-- Excerpts from a dataset --
=-=-=-=-=

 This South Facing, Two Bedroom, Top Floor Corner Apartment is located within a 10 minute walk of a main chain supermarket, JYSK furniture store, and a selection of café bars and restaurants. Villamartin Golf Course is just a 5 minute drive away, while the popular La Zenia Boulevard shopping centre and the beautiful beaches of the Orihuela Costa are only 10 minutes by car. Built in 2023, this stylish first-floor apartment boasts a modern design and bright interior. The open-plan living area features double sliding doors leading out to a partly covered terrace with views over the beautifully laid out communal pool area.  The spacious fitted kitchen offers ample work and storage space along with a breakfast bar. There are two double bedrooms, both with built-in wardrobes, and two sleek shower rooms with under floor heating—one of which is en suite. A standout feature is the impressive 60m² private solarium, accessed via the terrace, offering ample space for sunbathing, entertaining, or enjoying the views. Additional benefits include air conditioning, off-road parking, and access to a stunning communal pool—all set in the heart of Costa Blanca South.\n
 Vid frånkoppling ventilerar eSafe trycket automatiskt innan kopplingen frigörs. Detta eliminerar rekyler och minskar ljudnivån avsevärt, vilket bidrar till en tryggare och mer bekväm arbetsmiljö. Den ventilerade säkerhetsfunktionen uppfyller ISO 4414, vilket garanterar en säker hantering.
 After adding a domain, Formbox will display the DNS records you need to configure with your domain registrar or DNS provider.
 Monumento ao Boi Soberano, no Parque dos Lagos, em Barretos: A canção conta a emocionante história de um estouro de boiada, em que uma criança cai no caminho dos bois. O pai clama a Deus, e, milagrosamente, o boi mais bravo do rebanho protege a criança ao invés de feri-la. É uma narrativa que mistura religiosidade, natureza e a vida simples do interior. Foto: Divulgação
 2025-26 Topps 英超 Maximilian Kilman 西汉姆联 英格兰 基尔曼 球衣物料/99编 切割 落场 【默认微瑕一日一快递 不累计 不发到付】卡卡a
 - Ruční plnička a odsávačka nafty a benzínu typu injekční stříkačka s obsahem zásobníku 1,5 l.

=-=-=-=-=

Could you reproduce exactly the lines of the entries above, from the one with "Vid frånkoppling ventilerar" through the one with "Monumento ao Boi", and nothing else?

 Vid frånkoppling ventilerar eSafe trycket automatiskt innan kopplingen frigörs. Detta eliminerar rekyler och minskar ljudnivån avsevärt, vilket bidrar till en tryggare och mer bekväm arbetsmiljö. Den ventilerade säkerhetsfunktionen uppfyller ISO 4414, vilket garanterar en säker hantering.
 After adding a domain, Formbox will display the DNS records you need to configure with your domain registrar or DNS provider.
 Monumento ao Boi Soberano, no Parque dos Lagos, em Barretos: A canção conta a emocionante história de um estouro de boiada, em que uma criança cai no caminho dos bois. O pai clama a Deus, e, milagrosamente, o boi mais bravo do rebanho protege a criança ao invés de feri-la. É uma narrativa que mistura religiosidade, natureza e a vida simples do interior. Foto: Divulgação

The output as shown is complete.